Исчерпанность старого мира — это не трагедия, это происходит ежесекундно: мгновение — и нет его.

Знаешь, Ваня, о чем я подумал? Наверное, самая трудная работа на земле — добывать крупинки счастья. Оно ведь большим бывает тоже лишь краткий миг, а в остальном — рассыпано по крупицам. Вот мы скоро вернемся в Барнаул и разъедемся-разойдемся по своим географиям и делам: Москва, Симеиз, Белокуриха, портреты-пейзажи, журналы, рукописи… И во всем этом бесконечном количестве шагов и шажочков оно и существует, счастье наше — рассыпано, вкраплено, запрятано!

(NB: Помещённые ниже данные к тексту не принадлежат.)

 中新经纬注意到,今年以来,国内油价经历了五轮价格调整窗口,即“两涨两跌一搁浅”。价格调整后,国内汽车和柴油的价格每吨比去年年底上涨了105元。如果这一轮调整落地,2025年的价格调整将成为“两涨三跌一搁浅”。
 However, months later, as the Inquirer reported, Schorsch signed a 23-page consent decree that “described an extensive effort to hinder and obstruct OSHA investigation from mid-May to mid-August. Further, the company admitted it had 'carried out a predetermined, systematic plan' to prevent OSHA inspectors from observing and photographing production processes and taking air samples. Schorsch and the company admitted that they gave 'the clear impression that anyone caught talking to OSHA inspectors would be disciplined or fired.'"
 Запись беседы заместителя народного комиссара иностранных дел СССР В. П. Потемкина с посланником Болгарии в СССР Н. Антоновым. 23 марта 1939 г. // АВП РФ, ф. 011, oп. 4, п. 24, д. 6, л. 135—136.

В своей книге «Воздух и ветер» Иван Жданов пишет: «Человек нужен Богу как собственное отражение». И дальше развертывает своеобразную теорию отражений, соединяя свои мысли с миром и творчеством. Не берусь оценивать эти строки, судить-рядить, противиться… Просто я выскажусь по-своему: Бог нужен человеку как собственное отражение. На новизну мысли не претендую, поскольку с появлением сознания у всякого христианина ему уже известно: человек создан по образу и подобию Божию. А дальше, с течением жизни приходит самое трудное  — соединить или хотя бы приблизить образ и подобие к оригиналу. И идти, идти, пробираться навстречу многому, из чего взяты наука матери Ивана и завещание Коли Шипилова.

Ответов и предположений, почему сегодня Иван больше увлечен фотографированием, чем стихосложением, много — и в последнее время меньше не становится. А сам он давно уже ответил: в 2002 году в Киеве в галерее «Эксар» была открыта фотовыставка Ивана Жданова и называлась она — «Сквозь этот воздух смотрит на меня Бог».

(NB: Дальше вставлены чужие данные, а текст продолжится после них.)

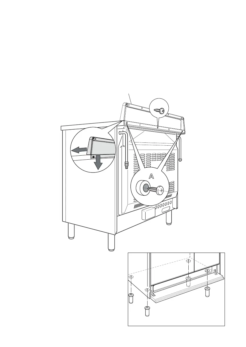 Vor dem Aufstellen des Herds zunächst die hintere Schutzabdeckung “C” montieren
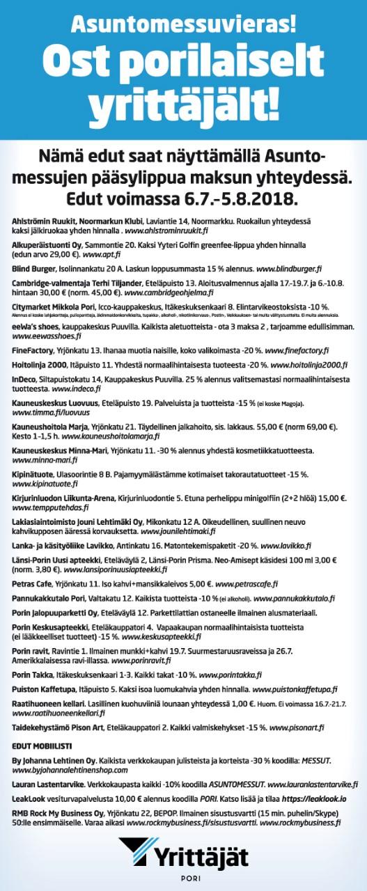 Porin Yrittäjien jäsenyritysten tarjoamia etuja Asuntomessut -vieraille Porissa 6.7.-5.8.2018 ! Ost porilaiselt yrittäjält !
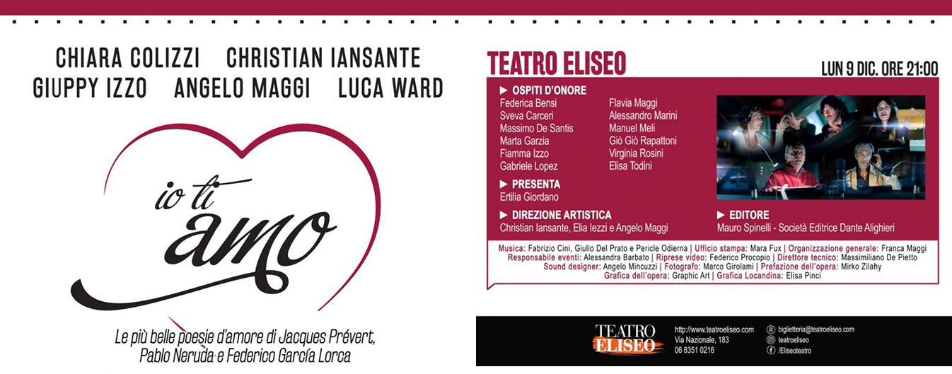 Evento in teatro per Christian Iansante, protagonista al Teatro Eliseo a Roma di “Io ti amo – Le più belle poesia di Jacques Prévert, Pablo Neruda e Federico Garcia Lorca”. Insieme a lui anche altri storici doppiatori come Chiara Colizzi, Angelo Maggi, Luca Ward e Giuppy Izzo. La direzione artistica dell’evento, oltre che allo stesso Iansante, è affidata a Elia Iezzi e Angelo Maggi.
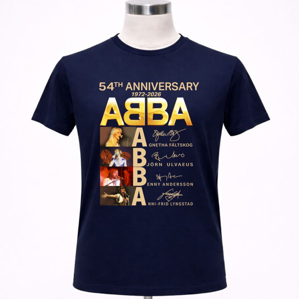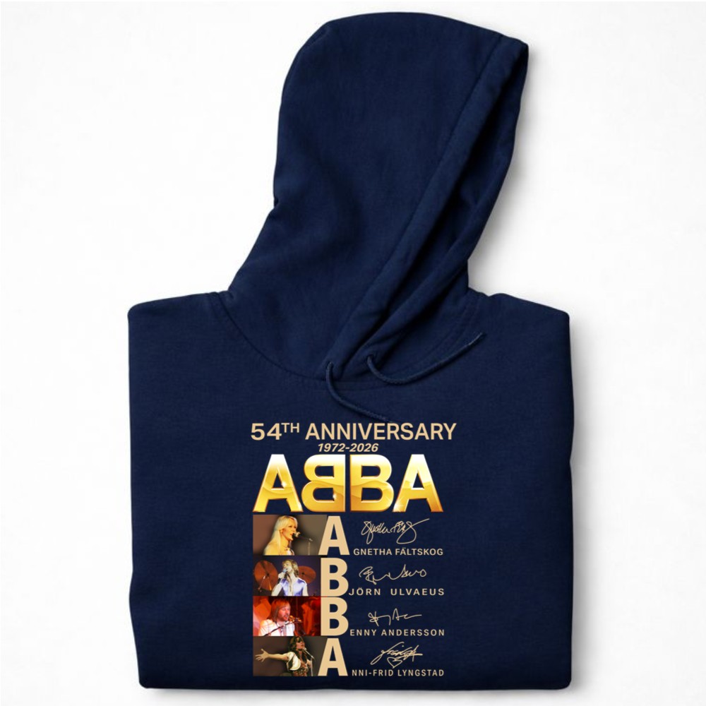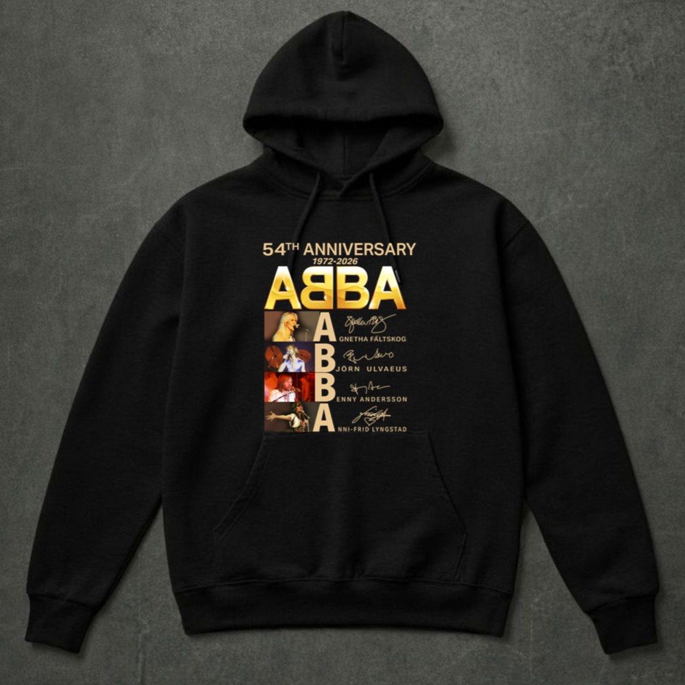 This design captures the essence of ABBA’s remarkable 54-year journey, featuring the signatures of Agnetha, Björn, Benny, and Anni-Frid. It serves as a heartfelt celebration of their impact on music and pop culture, evoking a sense of nostalgia and unity among fans who cherish their timeless classics.

…Стало быть, есть красота, пред которой в долгу
только она лишь сама как прибежище чар.
Всадник, заветную цель отдающий врагу,
непобедим, ибо призван растрачивать дар.
Здесь и теперь в этом времени вечности нет,
если, сражаясь, себя разрушает оно,
если уходит в песок, не стесняясь примет,
чуждое всем и для всех безупречно равно.
Не потому ли нацеленный в сердце укол
всей родословной своей воскресает в тебе,
взвесью цветов заливая пустующий дол,
вестью племен отзываясь в пропащей судьбе.
Это нельзя уберечь и нельзя утаить,
не промотав немоту на избыток вестей.
Значит, шагнуть — это свежий родник отворить,
значит, пойти — это стать мироколицей всей.